GAO Calls for Stronger FHWA Oversight of Guardrails, Transition to New Standards

AASHTO Journal, 15 July 2016

The U.S. Government Accountability Office, the auditing arm of Congress, called in a recent report for stronger federal oversight of roadside guardrails that are meant to reduce injuries and deaths from traffic crashes in which vehicles move out of the roadway.

The report, conducted in response to a congressional request, did not specifically address issues related to Trinity Industries’ ET-Plus guardrail end terminal systems that have been the subject of litigation and a special round of crash tests.

But in explaining the origins of this audit, the GAO said that in 2014 a full 54 percent of U.S. traffic deaths occurred when a vehicle left the road. It noted that in recent years “a number of serious injuries and deaths resulted from crashes into roadside safety hardware,” so the GAO was tasked with reviewing the Federal Highway Administration’s oversight of such hardware.

The report’s title – “More Robust DOT Oversight of Guardrails and Other Roadside Hardware Could Further Enhance Safety” – sums up the GAO’s view that the U.S. Department of Transportation needs to take additional steps to bolster its safety mission for the devices.

The GAO said the FHWA oversees and promotes states’ installation of crash-tested safety hardware. And the FHWA, in partnership with the American Association of State Highway and Transportation Officials, recently established a schedule for state departments of transportation to install guardrails that meet updated standards from the “Manual for Assessing Safety Hardware.”

But it said that “some inconsistencies across state practices exist, and states’ movement to require installation of devices successfully tested to updated, improved crash test standards . . . has been slow.”

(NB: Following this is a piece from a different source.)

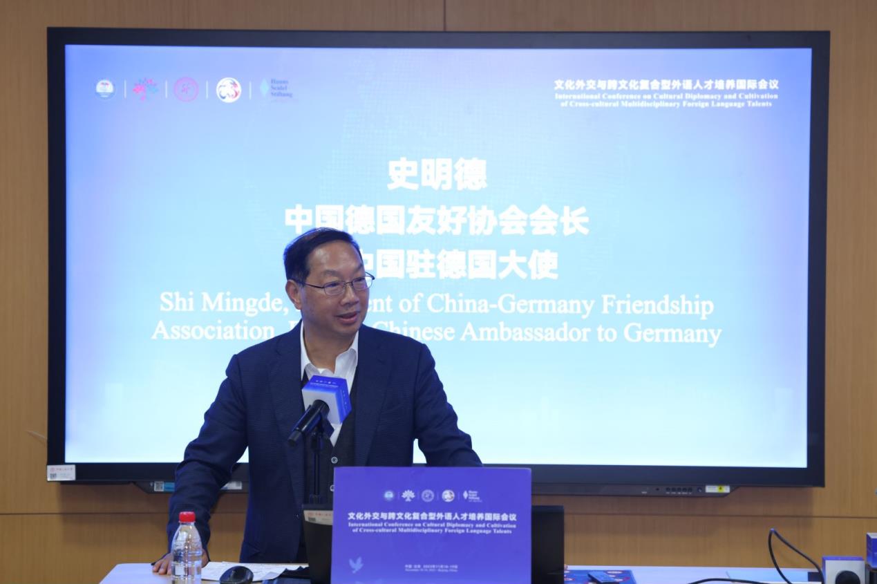 中德友協(xié)會長、前駐德國大使史明德在致辭中指出,人大在培養(yǎng)高質(zhì)量區(qū)域與國別人才方面具有獨特條件和優(yōu)勢,師資雄厚、學科齊全、研究基礎(chǔ)牢固,未來一定大有作為。
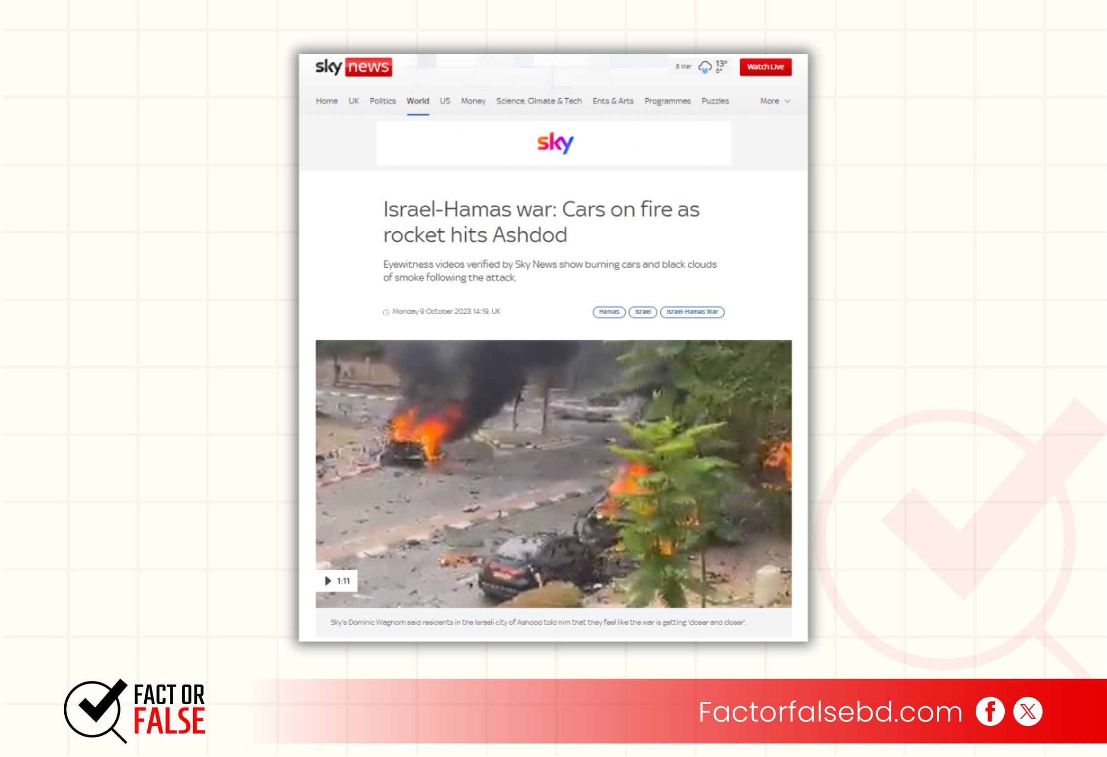 আলোচিত ভিডিওটির কি-ফ্রেম রিভার্স ইমেজ সার্চ করলে মার্কিন গণমাধ্যম স্কাই নিউজের ওয়েবসাইটে  ২০২৩ সালের ৯ অক্টোবর একই ভিডিওটি প্রচারিত হতে দেখা যায়।

The FHWA, the report continued, “currently does not have a monitoring plan to report on progress to meeting the established dates” to transition to MASH-standards equipment. “Monitoring and reporting would allow FHWA to keep decision-makers aware of progress and position FHWA to take corrective actions as needed.”

However, the report noted that the FHWA “has contracted for a full examination of its roadside safety hardware oversight processes and expects a report with recommendations for potential changes to these processes” later this summer.

The GAO also said that “six of the nine accredited U.S. crash test laboratories evaluate products that were developed by employees of the parent organization,” a situation the auditors called “a potential threat to lab independence.” The FHWA, the report added, “relies heavily on the labs to make a pass/fail determination” of products they test.

It said some other federal agencies require third-party verification of test results of labs they deal with, but that the FHWA does not have such a process. “Developing a process for third-party verification of roadside safety hardware’s lab test results could provide greater assurance that potential threats to independence are fully addressed,” the GAO said.